My intuition is that the fastest classical algorithm for simulating some kind of noiseless quantum sampling process should scale roughly with the dimension of the Hilbert space: you would need to process each amplitude at least once in order to calculate a generic matrix element.
For random (noiseless) circuit sampling, this is indeed true: the fastest classical simulation algorithm, the Schrodinger algorithm, scales as $m|\mathcal{H}|$, where $m$ is the number of gates and $|\mathcal{H}| = 2^n$ (where $n$ is the number of qubits) is the dimension of the Hilbert space.
But for exact boson sampling, these two quantities seems strangely unrelated to each other, and either can be much larger than the other. The Wikipedia article on boson sampling says that for $n$ identical photons distributed across $m$ modes, the dimension of the Hilbert space is $\binom{n+m-1}{n} = \binom{n+m-1}{m-1}$, but the fastest known classical algorithm has runtime $O(n\, 2^n + m n^2)$. (Note that unfortunately, the Wikipedia article switches its definitions of $M$ and $N$ between different sections.)
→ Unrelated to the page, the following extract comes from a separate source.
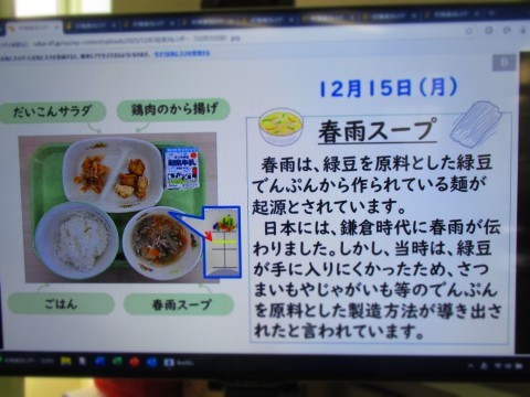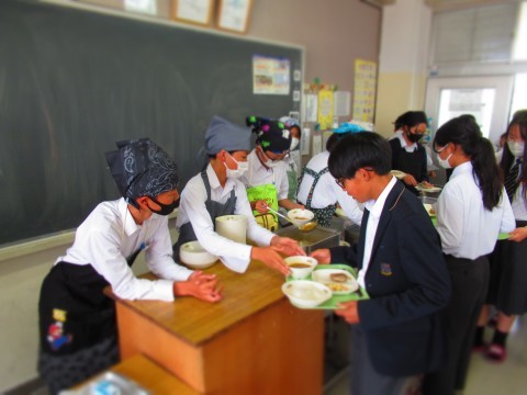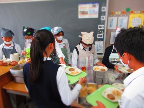 給食では、和食のよさを生かした、だしを使った汁物や、一汁二菜の献立を取り入れています。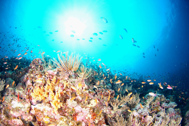 ドロップオフ沿いにはハナゴイの乱舞。中層にはカスミチョウチョウウオ。

- In the regime where $m \approx n \gg 1$, which is the case in the most advanced boson sampling experiments, we get that the Hilbert space dimension is $~4^n/\sqrt{n}$ and the runtime is $O(n\, 2^n)$, so the runtime only scales as the square root of the Hilbert space dimension.
- In the regime where $n \gg m$, the Hilbert space dimension is $(n/m)^m$ (times subleading corrections) but the runtime is still $O(n\, 2^n)$, so for a fixed number of modes $m$ the runtime is exponentially longer than the Hilbert space dimension (which only scales polynomially in the number of photons).
- In the regime where $m$ is exponentially larger than $n$, the Hilbert space dimension is $(m/n)^n$ (times subleading corrections), and if hold $n$ fixed then the runtime is $O(m)$, so the runtime scales as the $n$th root of the Hilbert space dimension.
This all seems very weird to me. Why does the runtime only scale as a root of the Hilbert space size in certain regimes, but is exponentially longer than the Hilbert space size in other regimes? This seems both more complicated and less intuitive than in the case of random circuit simulations, where the two quantities are directly proportional as I'd intuitively expect.